Leveraging Chinese-Produced Material Suppliers to Reduce CGT Costs and Advance the Industrial Chain


In addition to the platforms and products introduced above, Kerui Bio has another distinctive feature—its supply chain actively incorporates domestic material suppliers.。When asked why domestic suppliers were chosen, Xie Xingwang stated: “The primary barrier to the widespread adoption of cell therapy products is currently pricing. To effectively control costs and lower prices, the most effective approach is to achieve cost reduction at the source. We are willing to grow alongside emerging domestic CGT suppliers such as Shenyan Biotechnology, and we are pleased to share our manufacturing processes, materials, and equipment with the industry. We call on cell therapy enterprises to establish localized product and supply chains, working together to promote the healthy development of China’s CGT industry.”

 

When asked about the current development focus, Xie Xingwang stated: "In the short term, Kerui Biotech will prioritize the development of the CRTE7A2 and CRTKV11 programs and rapidly bring them to market. In addition to product R&D, the company is also steadily advancing in team building and collaborations with research institutions and investment firms.At the end of 2019, Beijing Kerui Biological Technology Co., Ltd. secured an angel round investment of RMB 20 million from Anlong Fund, along with equipment and laboratory facility support from Changping Development. Recently, Kerui Bio will close a Pre-A financing round of tens of millions of RMB, with the proceeds to be used for the IND application of its core project and the advancement of other product pipelines.”

 

Currently, only about a dozen companies worldwide are researching TCR-T therapy technology., Characterized by strong technological innovation and significant development challenges, the bottlenecks are primarily concentrated in target screening, clonal specificity, and affinity optimization. Beijing Kerui Biological Technology Co., Ltd. has established a proprietary TCR discovery and affinity optimization platform, enabling high-throughput affinity optimization screening.
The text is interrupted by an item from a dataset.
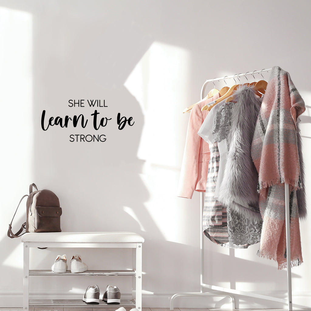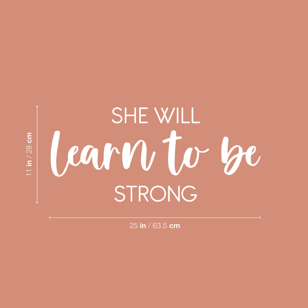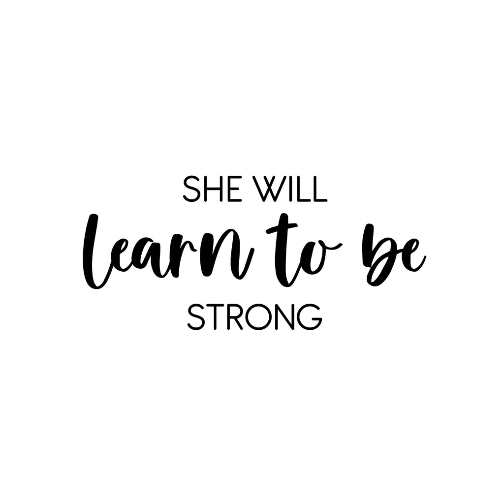 This awesome inspiring decal quote "She Will Learn To Be Strong"; is the perfect touch for your home. Use it for your living room; playroom; nursery or anywhere you want to bring some extra cute decoration. It's a vinyl sticker that is easy to put on any smooth and dry surface. Our modern designs don't just brighten up the room; but brighten up the day. Using top of the line vinyl across all of our production allows us to be the leaders in quality and design.

This allows for the acquisition of antigen-specific TCRs within two weeks, effectively breaking through the development barriers for innovative TCR-T therapeutics.

 

In 2023, Beijing Kerui Biological Technology Co., Ltd. plans to establish a commercial manufacturing facility at the Changping Life Valley Industrial Base to support the registration and commercialization of its TCR-T products. Meanwhile, addressing the lack of effective clinical treatments for tumors such as HPV-related advanced cervical cancer, the company is developing a TCR product capable of specifically recognizing the HPV16 E7 antigen and killing antigen-positive cells. This product is also scheduled to obtain Investigational New Drug (IND) approval and enter clinical trials in 2023, aiming to fill the current market gap for effective therapies against advanced cervical cancer.

 

In the future, Kerui Bio will develop multiple indication programs across three therapeutic areas—oncology, chronic infections, and autoimmune diseases—through two product modalities: cell therapy drugs and soluble TCR protein therapeutics, targeting a trillion-dollar disease market. The company will pursue dual regulatory filings in China and the United States to enter the North American market, and gradually expand into the global market through co-development or licensing partnerships.